[Task objective]: Set down, word for word, the line with "і навчальну літературу." and the lines after it through the final line of the data below, without pictures.

[Given material]:
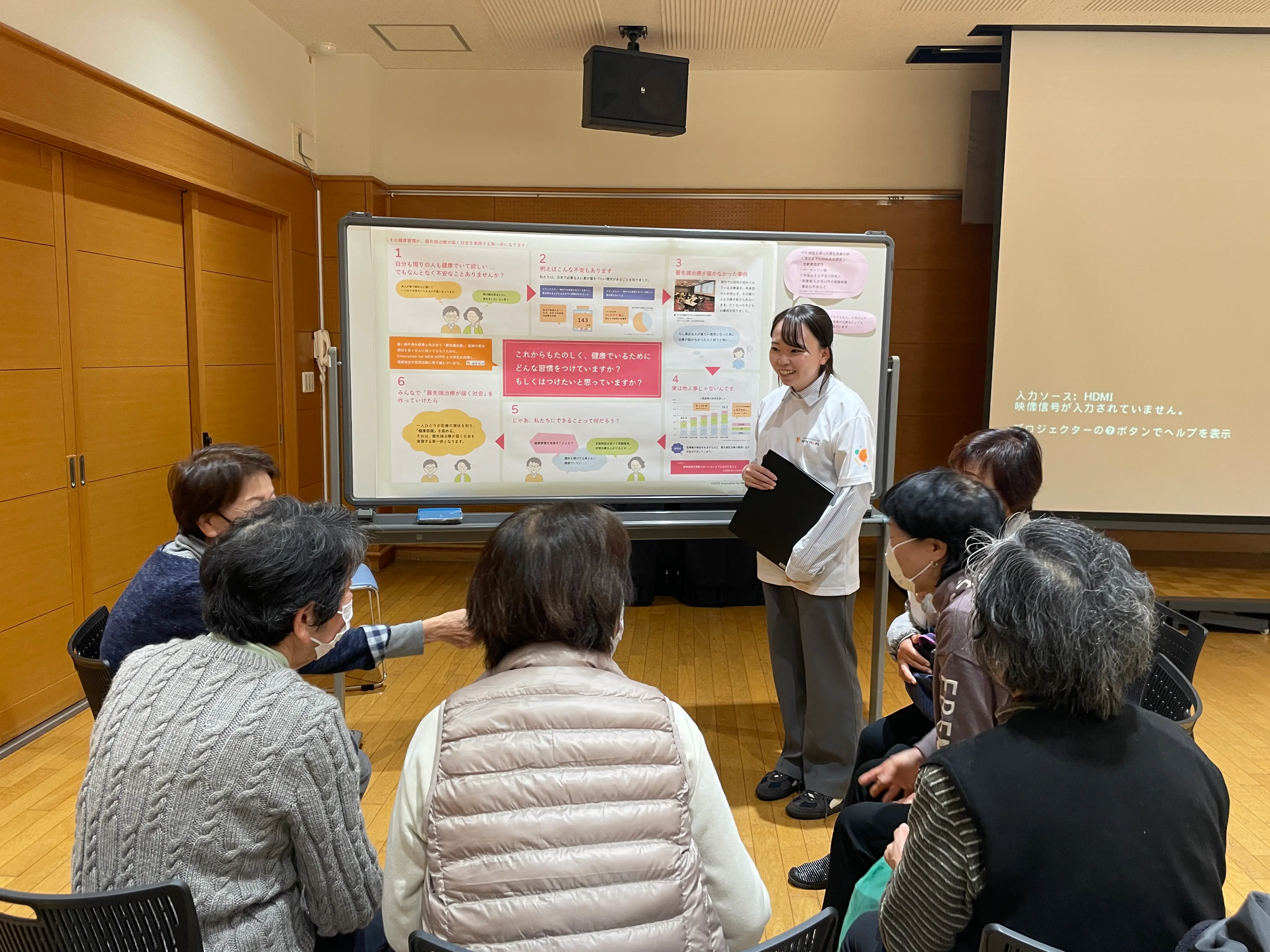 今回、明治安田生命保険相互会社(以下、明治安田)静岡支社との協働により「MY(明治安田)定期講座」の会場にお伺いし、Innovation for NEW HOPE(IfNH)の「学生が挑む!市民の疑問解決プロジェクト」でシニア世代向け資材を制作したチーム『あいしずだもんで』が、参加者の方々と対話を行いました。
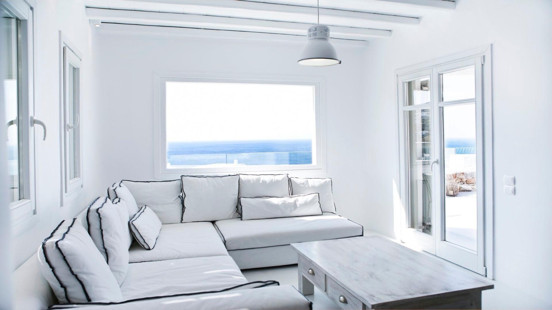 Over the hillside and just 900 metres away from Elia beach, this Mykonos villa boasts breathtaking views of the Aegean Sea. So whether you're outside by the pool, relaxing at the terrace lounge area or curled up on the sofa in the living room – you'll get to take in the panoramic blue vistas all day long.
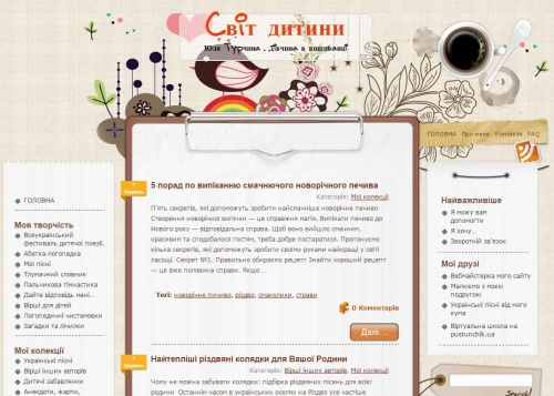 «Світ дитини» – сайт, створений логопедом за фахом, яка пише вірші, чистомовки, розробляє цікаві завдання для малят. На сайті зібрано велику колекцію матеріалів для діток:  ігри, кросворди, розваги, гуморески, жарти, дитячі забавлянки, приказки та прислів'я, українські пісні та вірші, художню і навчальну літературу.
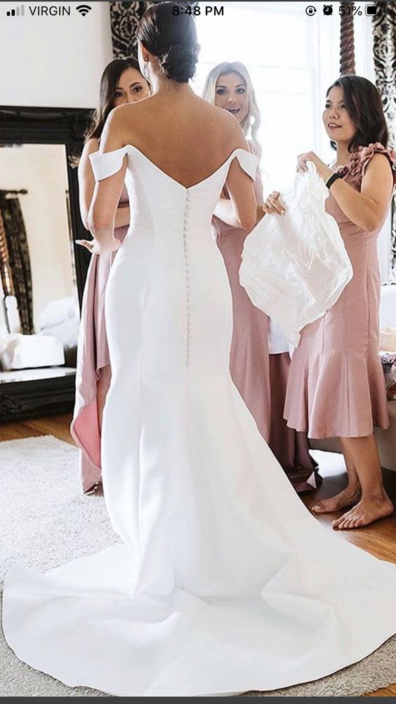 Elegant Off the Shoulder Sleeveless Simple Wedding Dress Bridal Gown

[Your response]:
 «Світ дитини» – сайт, створений логопедом за фахом, яка пише вірші, чистомовки, розробляє цікаві завдання для малят. На сайті зібрано велику колекцію матеріалів для діток:  ігри, кросворди, розваги, гуморески, жарти, дитячі забавлянки, приказки та прислів'я, українські пісні та вірші, художню і навчальну літературу.
 Elegant Off the Shoulder Sleeveless Simple Wedding Dress Bridal Gown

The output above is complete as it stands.